Try it
Every line below from the one with "Custom 4oz Unique" through the one with "Jeu incontournable à" is to be repeated exactly, with no picture among them.

Data shown

★ ★ ★ ★ ★ ★ ★

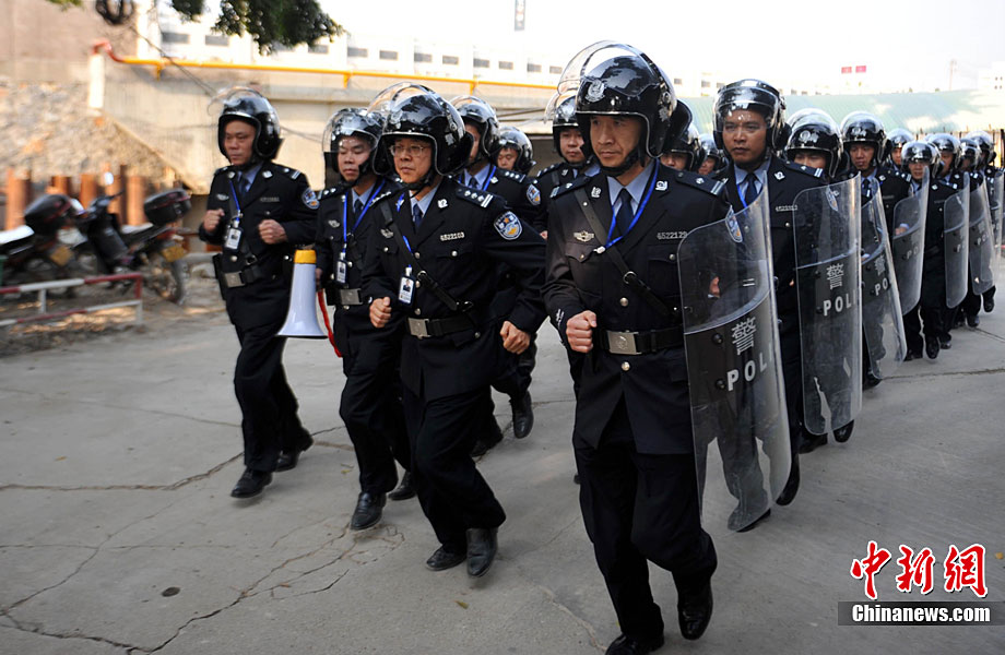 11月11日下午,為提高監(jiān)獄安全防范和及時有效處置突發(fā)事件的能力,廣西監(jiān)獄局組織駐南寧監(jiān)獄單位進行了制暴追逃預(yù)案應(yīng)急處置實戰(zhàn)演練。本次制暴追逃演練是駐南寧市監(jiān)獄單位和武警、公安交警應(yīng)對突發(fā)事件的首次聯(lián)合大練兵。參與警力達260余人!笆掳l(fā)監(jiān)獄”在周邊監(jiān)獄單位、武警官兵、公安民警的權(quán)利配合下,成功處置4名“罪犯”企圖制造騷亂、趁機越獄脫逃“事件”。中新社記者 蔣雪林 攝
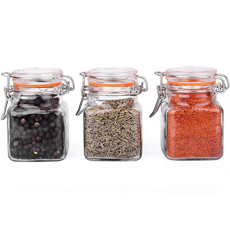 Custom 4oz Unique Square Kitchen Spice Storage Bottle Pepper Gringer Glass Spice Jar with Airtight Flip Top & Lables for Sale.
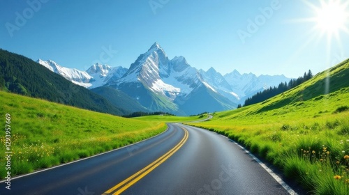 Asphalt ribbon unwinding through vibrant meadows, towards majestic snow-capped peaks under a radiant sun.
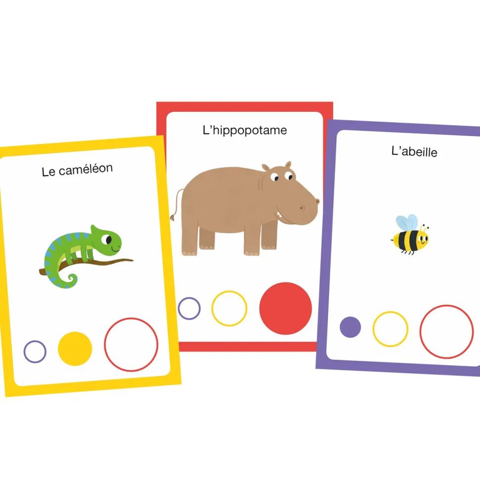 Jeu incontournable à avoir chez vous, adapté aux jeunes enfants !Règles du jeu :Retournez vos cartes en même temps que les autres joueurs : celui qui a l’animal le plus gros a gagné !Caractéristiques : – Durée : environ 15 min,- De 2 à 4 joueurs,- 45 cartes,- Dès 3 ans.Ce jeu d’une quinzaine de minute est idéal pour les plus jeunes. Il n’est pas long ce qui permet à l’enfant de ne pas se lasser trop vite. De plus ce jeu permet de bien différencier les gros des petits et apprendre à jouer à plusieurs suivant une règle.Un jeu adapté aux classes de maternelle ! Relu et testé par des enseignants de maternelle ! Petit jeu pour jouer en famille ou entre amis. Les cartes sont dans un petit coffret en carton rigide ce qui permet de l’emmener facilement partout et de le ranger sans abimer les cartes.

★ ★ ★ ★ ★ ★ ★

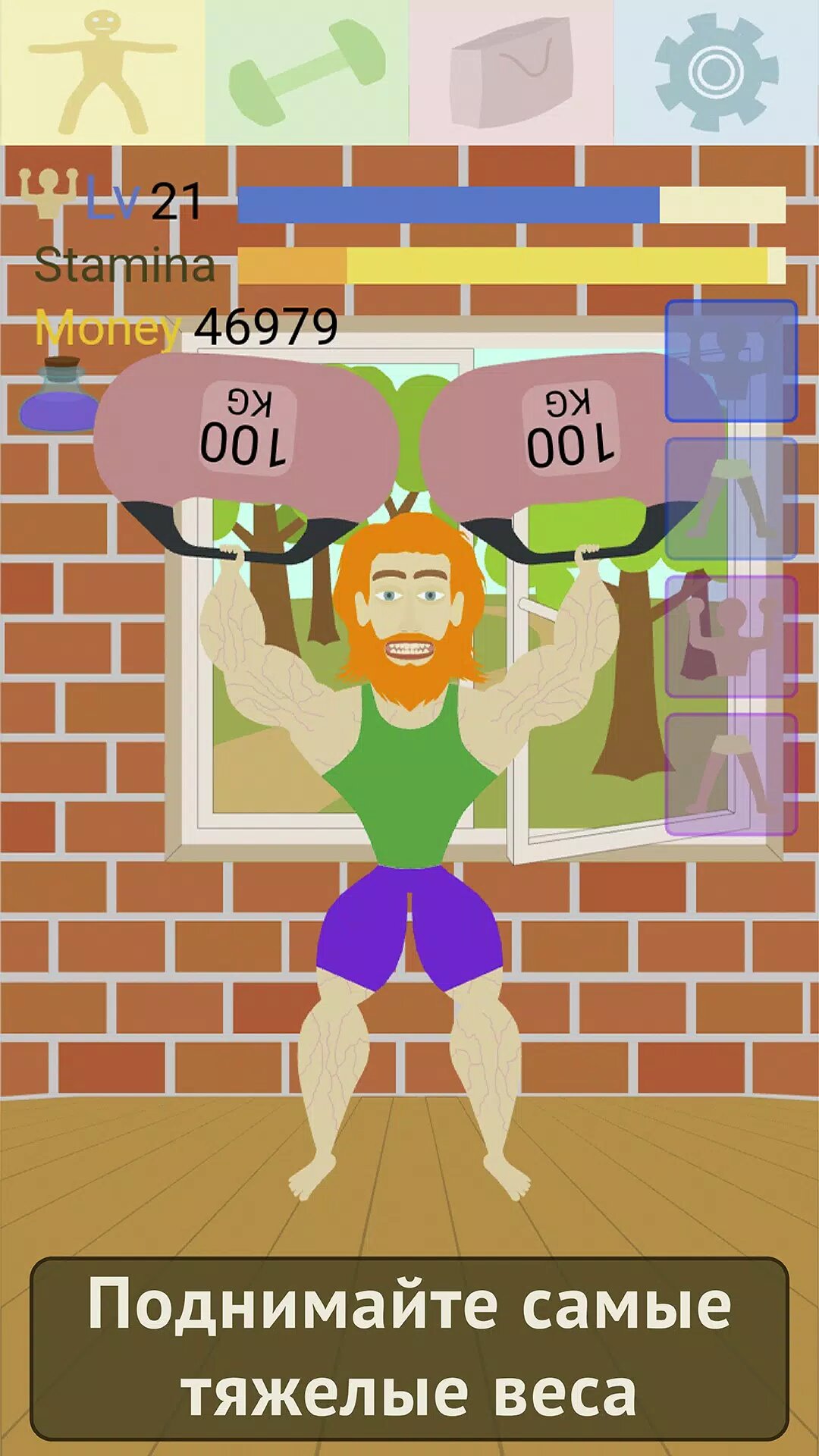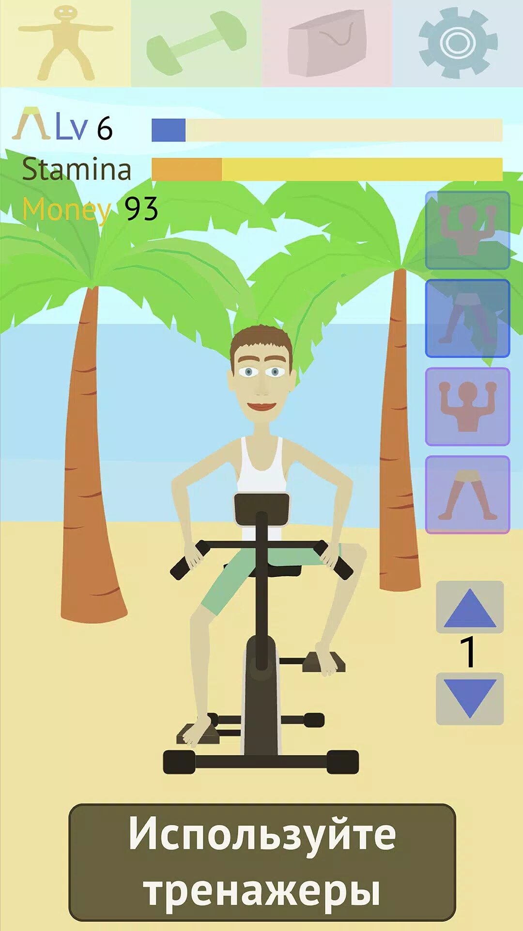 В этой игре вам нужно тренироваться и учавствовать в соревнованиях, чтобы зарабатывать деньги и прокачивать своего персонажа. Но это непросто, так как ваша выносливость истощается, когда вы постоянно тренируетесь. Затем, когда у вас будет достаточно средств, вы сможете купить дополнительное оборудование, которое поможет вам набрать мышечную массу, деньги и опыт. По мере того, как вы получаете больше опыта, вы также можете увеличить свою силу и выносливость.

★ ★ ★ ★ ★ ★ ★

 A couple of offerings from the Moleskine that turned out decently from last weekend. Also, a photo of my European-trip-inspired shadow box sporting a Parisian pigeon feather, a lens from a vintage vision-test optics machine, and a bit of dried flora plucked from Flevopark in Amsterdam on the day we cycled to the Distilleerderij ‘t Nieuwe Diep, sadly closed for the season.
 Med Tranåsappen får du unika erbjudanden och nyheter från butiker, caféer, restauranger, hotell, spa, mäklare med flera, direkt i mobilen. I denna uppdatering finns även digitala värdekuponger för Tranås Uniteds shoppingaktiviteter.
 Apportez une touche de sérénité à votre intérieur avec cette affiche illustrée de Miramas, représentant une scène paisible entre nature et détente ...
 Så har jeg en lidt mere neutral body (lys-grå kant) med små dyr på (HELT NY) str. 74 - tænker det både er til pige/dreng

★ ★ ★ ★ ★ ★ ★

Output of the task
 Custom 4oz Unique Square Kitchen Spice Storage Bottle Pepper Gringer Glass Spice Jar with Airtight Flip Top & Lables for Sale.
 Asphalt ribbon unwinding through vibrant meadows, towards majestic snow-capped peaks under a radiant sun.
 Jeu incontournable à avoir chez vous, adapté aux jeunes enfants !Règles du jeu :Retournez vos cartes en même temps que les autres joueurs : celui qui a l’animal le plus gros a gagné !Caractéristiques : – Durée : environ 15 min,- De 2 à 4 joueurs,- 45 cartes,- Dès 3 ans.Ce jeu d’une quinzaine de minute est idéal pour les plus jeunes. Il n’est pas long ce qui permet à l’enfant de ne pas se lasser trop vite. De plus ce jeu permet de bien différencier les gros des petits et apprendre à jouer à plusieurs suivant une règle.Un jeu adapté aux classes de maternelle ! Relu et testé par des enseignants de maternelle ! Petit jeu pour jouer en famille ou entre amis. Les cartes sont dans un petit coffret en carton rigide ce qui permet de l’emmener facilement partout et de le ranger sans abimer les cartes.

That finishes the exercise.